Over $3,000 has already been raised for these families already!  This campaign only lasts a week (I think it started today, but I am not sure).  
These are made in Costa Rica providing jobs there! 

Please consider purchasing something, and please share on your social networking (blog, FB, twitter, Google+) and help these families bring their children home!!!

This event ends January 6, so don't wait to order!

Thursday, September 5, 2013

Esther is Growing Up!

Here's a quick update on things Esther is learning to do!

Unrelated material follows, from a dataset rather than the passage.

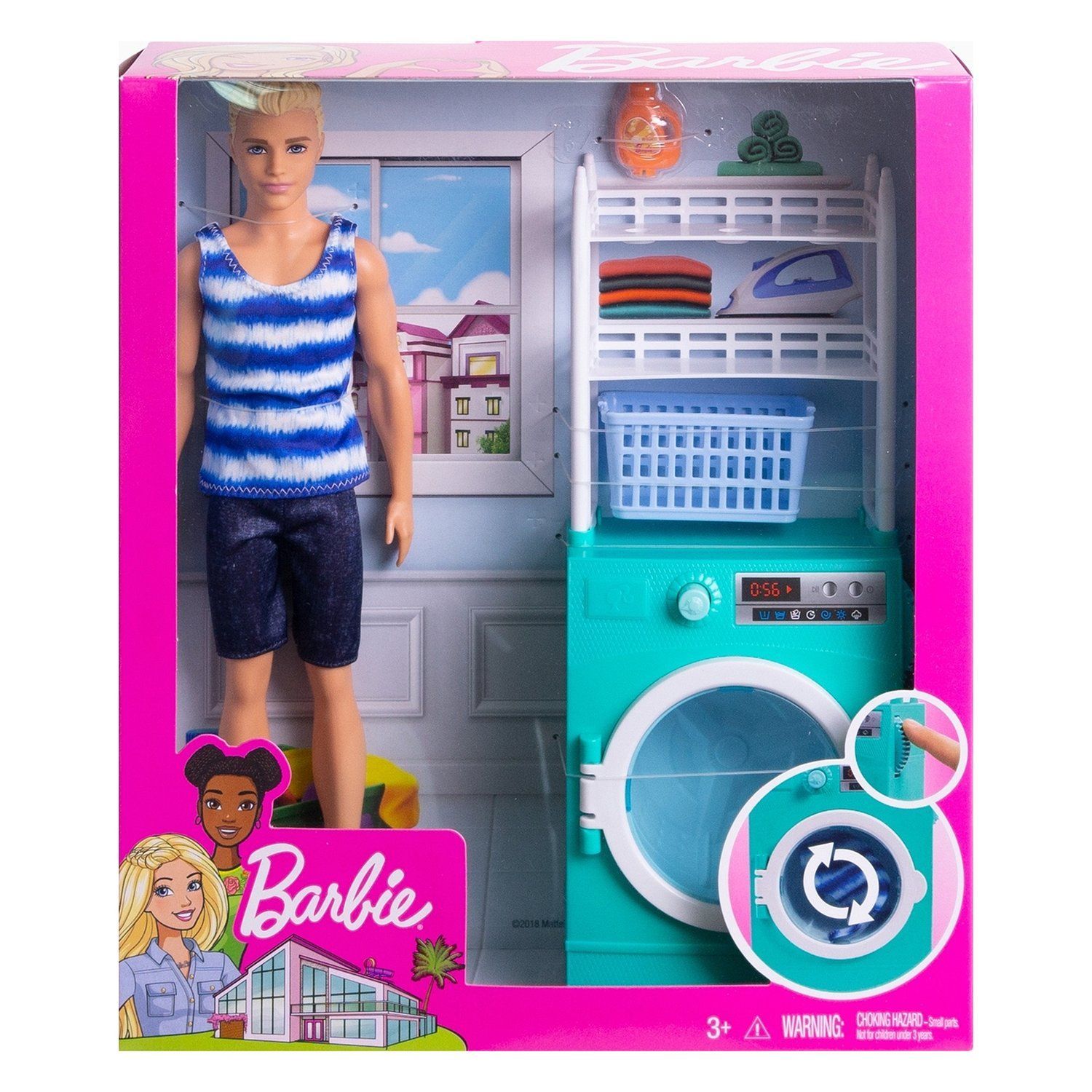 Тематический игровой набор с куклой Кеном и прачечной комнатой превратит рутинную домашнюю работу в удовольствие.

At camp last summer she found a broken bad-mitten racket and was playing it like a guitar for all she was worth.  Recently we found an adorable little tune-able toddler guitar and she loves it!

She has begun to be dry some mornings, so we began to get her on the potty seat and she has had success most mornings!  She loves the routine, and she gets so excited when she has success!  She has even begun to tell me when she is "stinky"!  This is HUGE!

We are also seeing progress in her cognitive development through the Can Do therapy program I am doing with her.  She now knows the names of nearly all the photo cards that I use with her, and just this week she was able to see two cards, and then find their matches after I took the cards away!  She is also able to repeat back to me some of the sounds for letters!  She LOVES working with these cards and gets so excited when she gets it right.  I'm so glad we were able to begin this program with her.  She doesn't like some of the physical things, but she loves all the attention!

She is talking a lot, but we can't always understand what she is saying.  I love it when we finally understand a word that she's been saying for a while.  Once we have context, then we can totally understand what she is saying, but many times, without context, we just can't figure it out.  Once we know it, sometimes is seems silly that we didn't understand it!

Esther LOVES going to the beach.  We had a little scare earlier this summer when she decided to follow the big kids and got in deeper that she was prepared for and her floaty swimsuit kept her afloat, but she got her head under the water longer than she likes and I was afraid she was going to lose her love of the beach, but our day at the beach and couple weeks ago proved that she is still 100% a fish.  She was the first one in and the last one out!

I re-arranged the girls' bedroom this week.  Esther was SO excited about the change.  I had taken her top blanket to be washed, so it was missing for a couple of days. When I brought it back she acted like it was her long lost friend!

 Her excitement over everyday things is so captivating!  I'm sure her birthday this year (in just a couple of weeks now) will be a most over-the-top exciting day for her!

Tuesday, August 6, 2013

Thursday, June 6, 2013

Esther "Can Do" Therapy

Esther LOVES to help Carese...
far more than Carese likes to be helped, though!
Summer has arrived, and with it some beautiful weather!  In the past few months, we were given a swing set which is getting a lot of use now, and we got a steal of a deal on a swimming pool (ours died of old age last year) as well.  The kids haven't been in the pool much in the last two weeks due to cool/rainy weather, but that all changed this week!

Esther enjoyed our first "Lake Day"
Summer also means "Lake Days."  We have some sweet friends who live on the lake, and they invite us over almost every week for some beach time.  We all enjoy this special treat!  Last Friday was our first "Lake Day" and we all had so much fun.  Esther spent almost the entire time in the water, and enjoyed every minute of the day.  Carese kept me busy, and it took a while for her to get used to wearing a life jacket, but Esther had no problems with the "life jacket all the time" rule at all!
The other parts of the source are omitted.